Re: [PATCH] mm/mglru: fix cgroup OOM during MGLRU state switching
From: Yafang Shao
Date: Mon Mar 02 2026 - 09:39:35 EST
On Mon, Mar 2, 2026 at 5:48 PM Kairui Song <ryncsn@xxxxxxxxx> wrote:
>
> On Mon, Mar 2, 2026 at 5:20 PM Barry Song <21cnbao@xxxxxxxxx> wrote:
> >
> > On Mon, Mar 2, 2026 at 4:25 PM Yafang Shao <laoar.shao@xxxxxxxxx> wrote:
> > >
> > > The challenge we're currently facing is that we don't yet know which
> > > workloads would benefit from it ;)
> > > We do want to enable mglru on our production servers, but first we
> > > need to address the risk of OOM during the switch—that's exactly why
> > > we're proposing this patch.
> >
> > Nobody objects to your intention to fix it. I’m curious: to what
> > extent do we want to fix it? Do we aim to merely reduce the probability
> > of OOM and other mistakes, or do we want a complete fix that makes
> > the dynamic on/off fully safe?
>
> Yeah, I'm glad that more people are trying MGLRU and improving it.
>
> We also have an downstream fix for the OOM on switch issue, but that's
> mostly as a fallback in case MGLRU doesn't work well, our goal is
> still try to enable MGLRU as much as possible,
Our goals are aligned.
Before enabling mglru, we must first ensure it won't cause OOM errors
across multiple servers. We propose fixing this because, during our
previous mglru enablement, many instances of a single service OOM'd
simultaneously—potentially leading to data loss for that service.
> many issues have been
> identified and I'm willing to push and fix things upstream together.
>
> I didn't consider the the OOM on switch an upstream issue though.

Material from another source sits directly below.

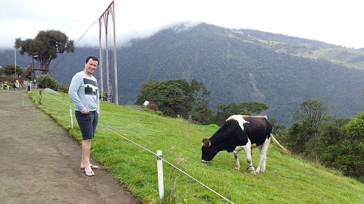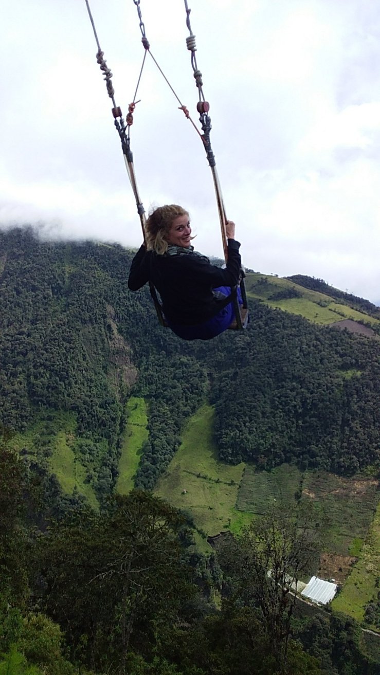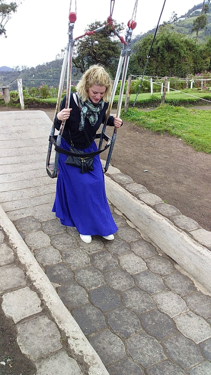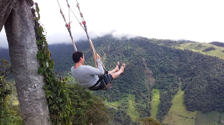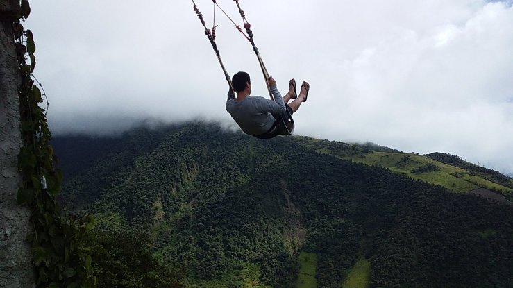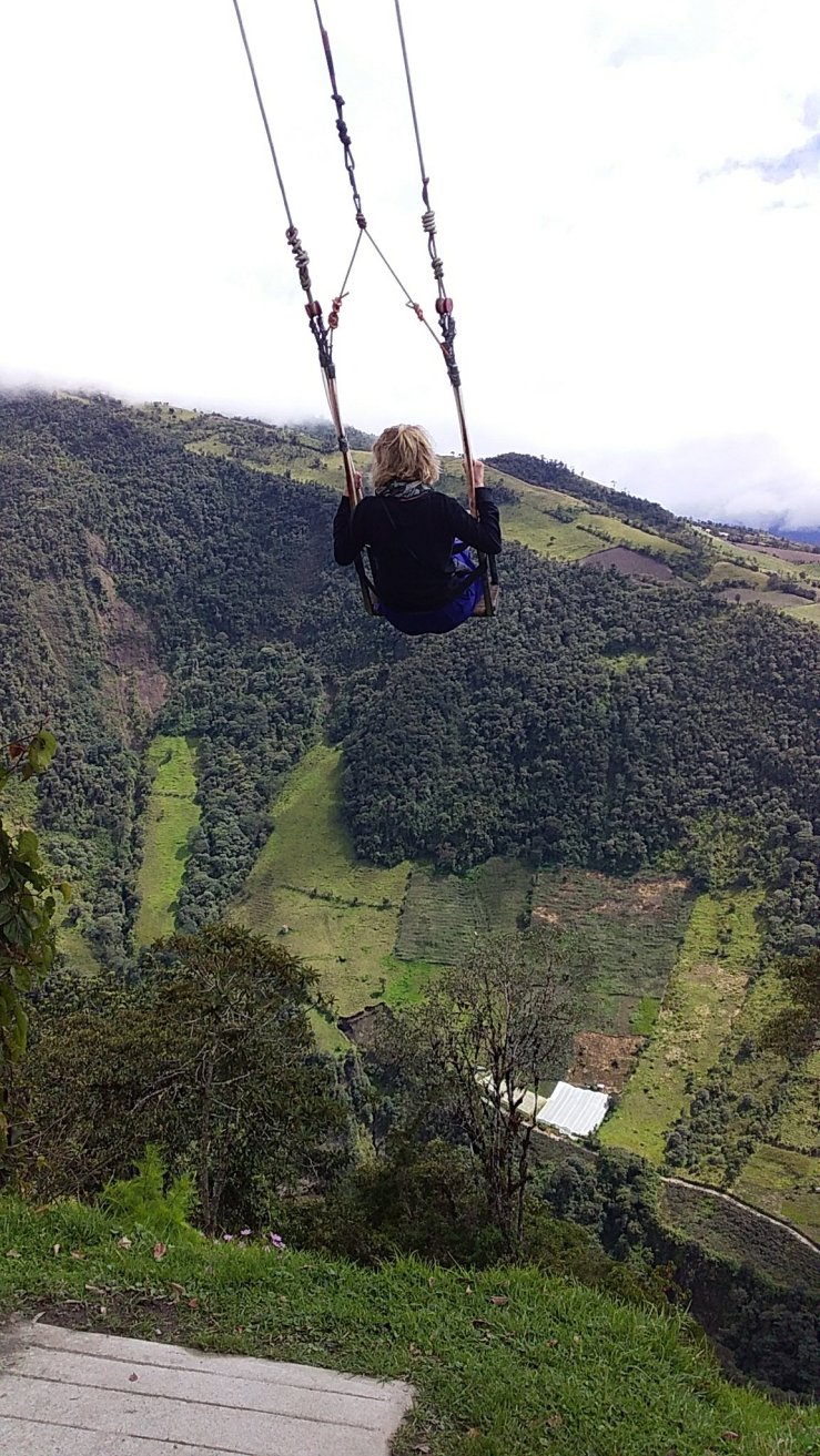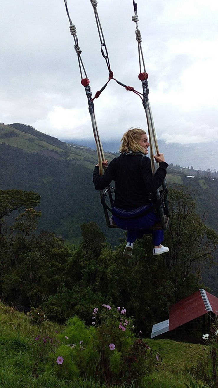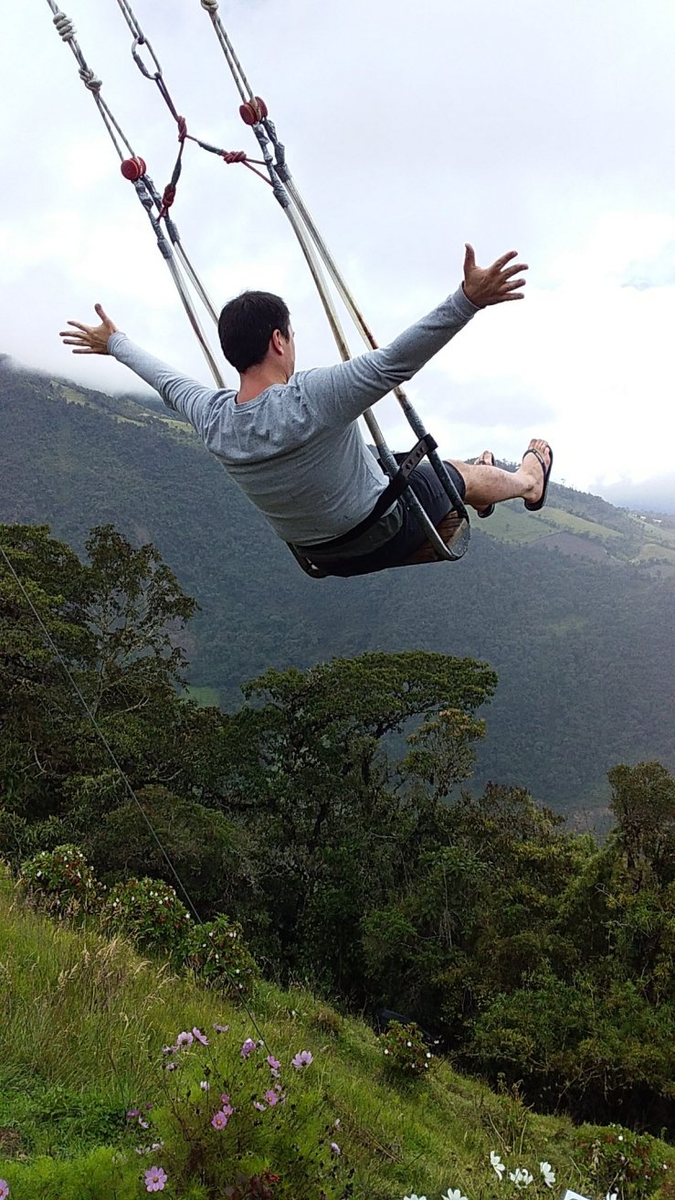 Avant de quitter Baños, nous partons visiter la casa del arból, une maison dans l’arbre comme son nom l’indique, sur une des pentes du volcan et qui surplombe la ville.

This is a serious upstream kernel bug that could lead to data loss. If
it is not recognized as such, the upstream kernel should consider
removing this dynamic toggle.
> But
> to fix that we just used a schedule_timeout when seeing the lru status
So your proposal is essentially something like this?
while (status) {
schedule_timeout(random_timeout);
}
> is different from the global status, very close to what Barry
> suggested, with some other tweaks.
>
> Keep doing the reclaim during the switch did result in some unexpected
> behaviors, including OOM still occurring, just much more unlikely than
> before. Like a typical TOCTOU problem for checking the lru's status.
>
> Let me Cc BIngfang, maybe he can provide more detail.
Looking forward to your solution.
--
Regards
Yafang